__Data extract__
++++++++++

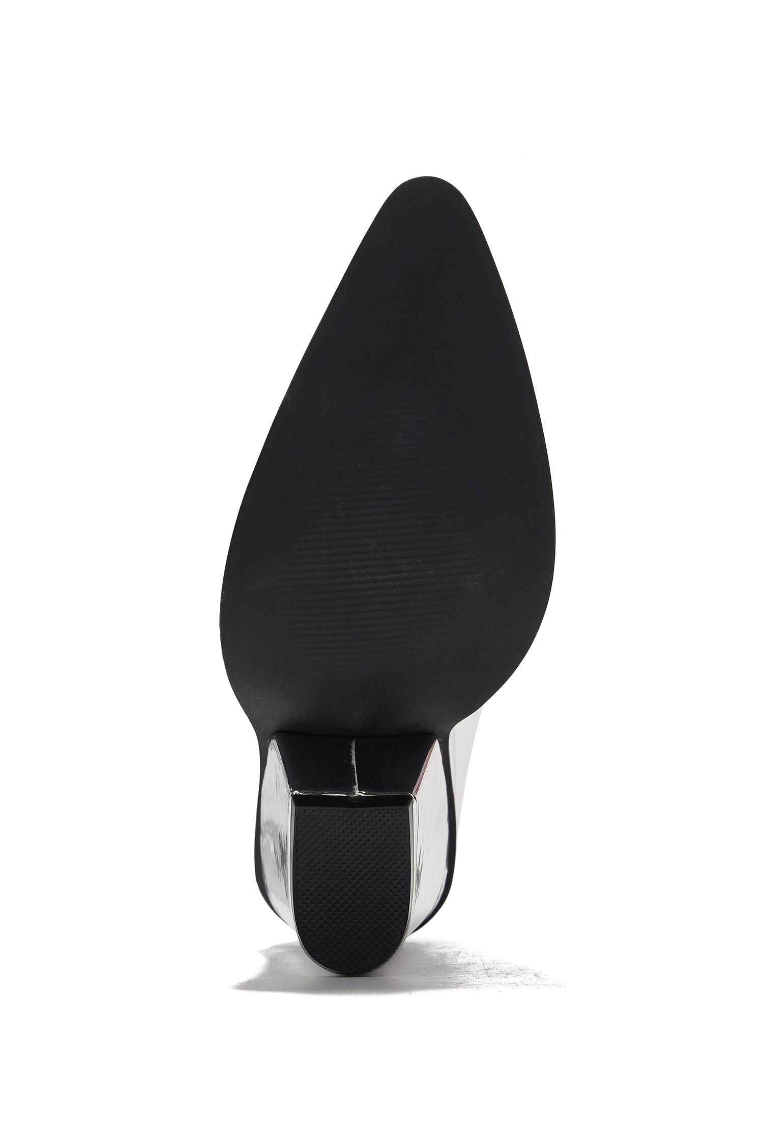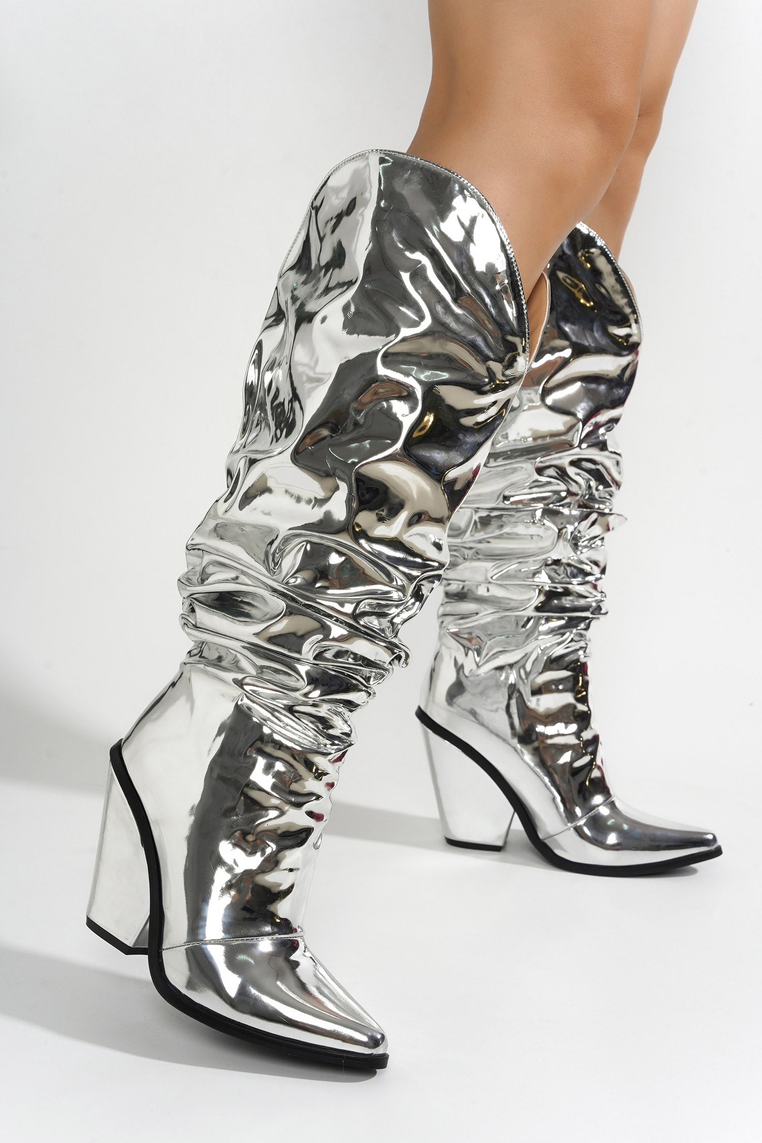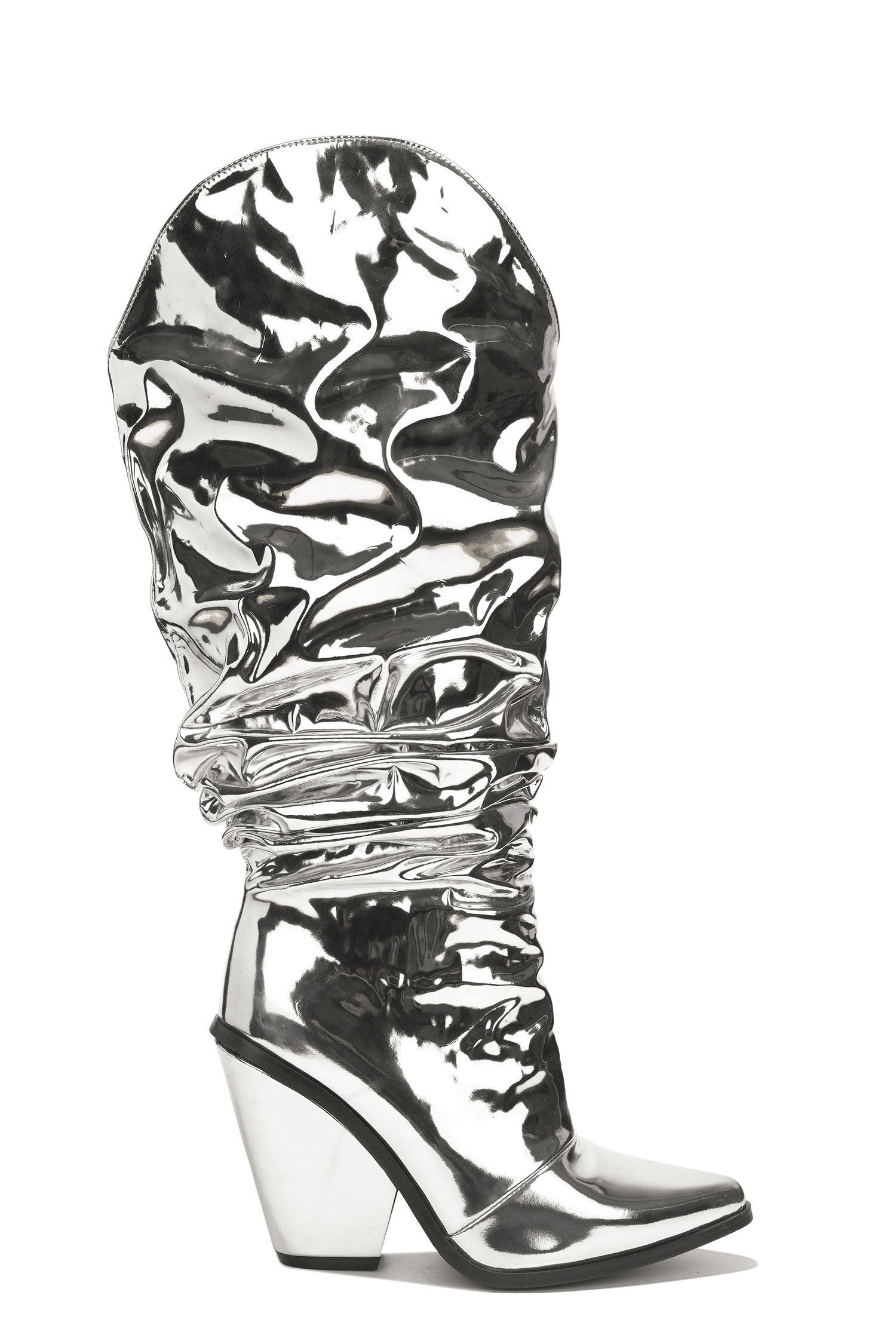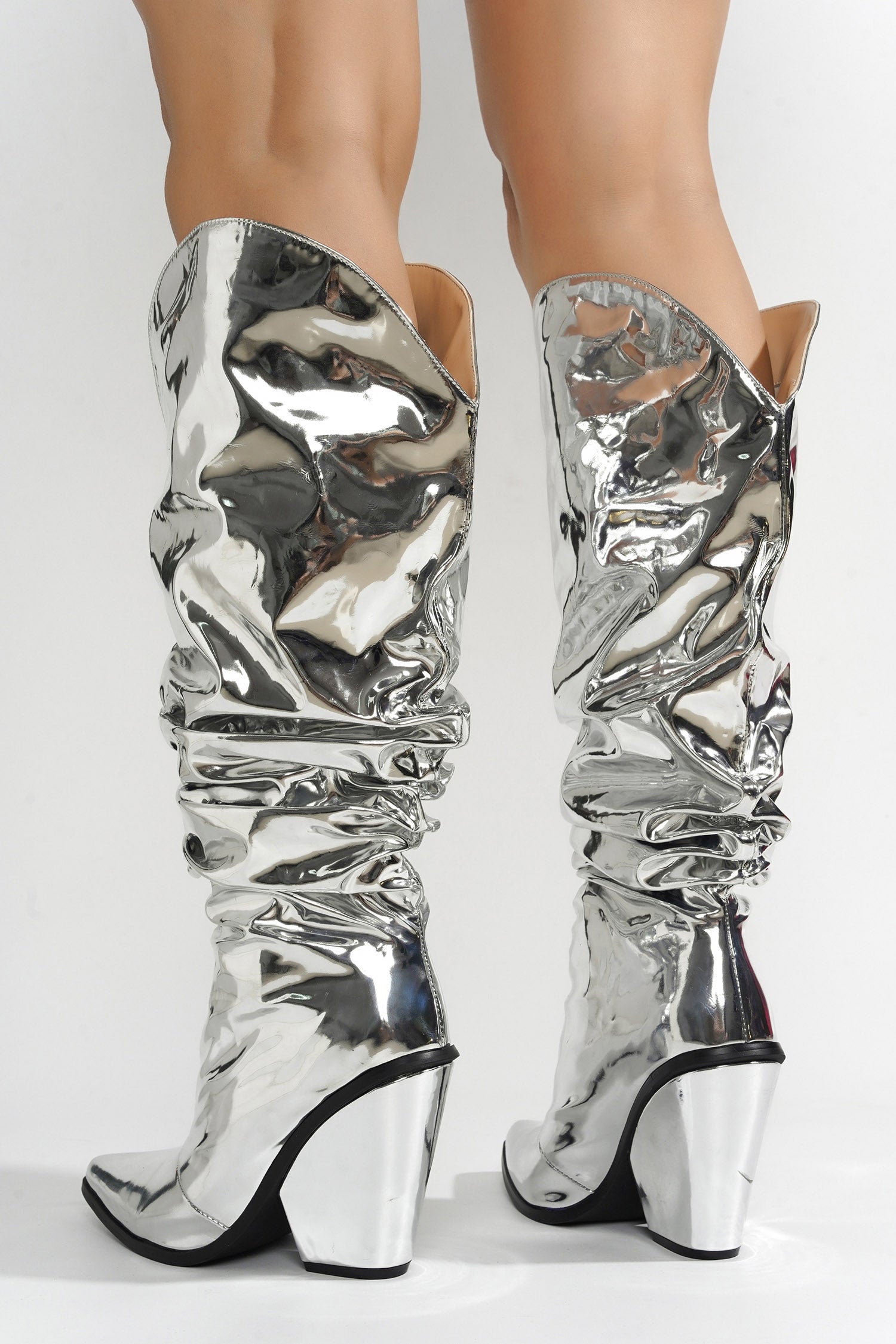 Cowboy boots with a modern twist! Hanarin is made of reflective,metallic upper and features a scrunch shaft,mid block heel,and pointy toe.
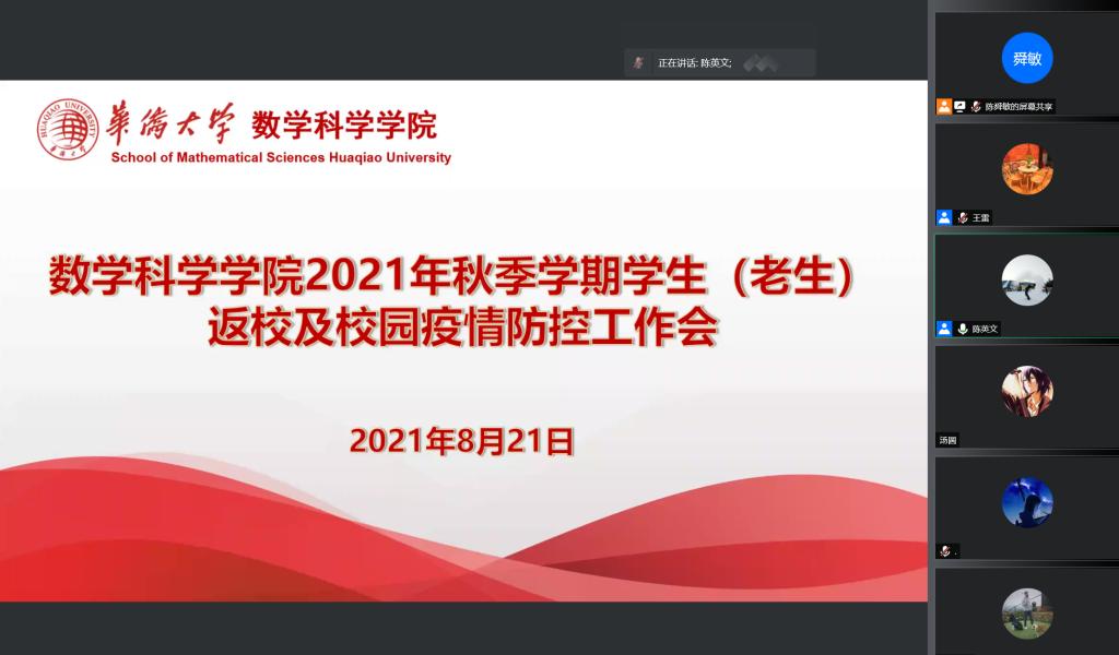 严格按照上级要求精心部署开学工作,8月21日下午14:30,学院通过线上会议向学院全体学生传达关于开学返校相关流程以及校园疫情防控工作,学院党委书记陈英文,团委书记王雷以及辅导员陈舜敏参会。
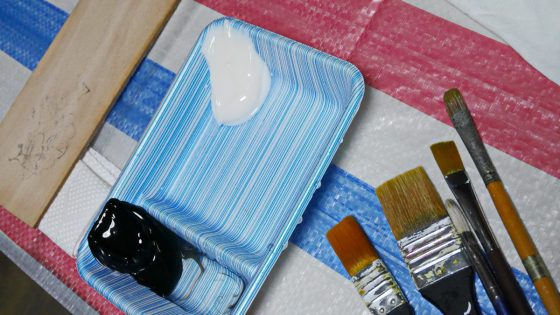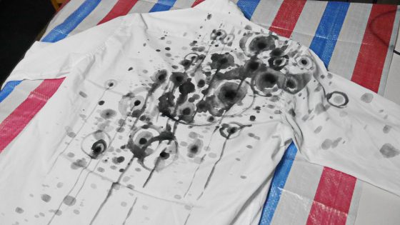 布用の黒のインクとバインダー(接着剤)を使う。水で薄めてばかりだと布への接着力が弱まるので、水の中にバインダーを入れるのである。
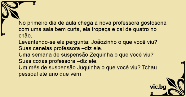 Levantando-se ela pergunta: Joãozinho o que você viu? Suas canelas professora –diz ele.

++++++++++

__Required work__
Retype the lines starting with the one that holds "布用の黒のインクとバインダー" and ending with the last line of the data above, both included; skip the pictures.

__Problem solution__
 布用の黒のインクとバインダー(接着剤)を使う。水で薄めてばかりだと布への接着力が弱まるので、水の中にバインダーを入れるのである。
 Levantando-se ela pergunta: Joãozinho o que você viu? Suas canelas professora –diz ele.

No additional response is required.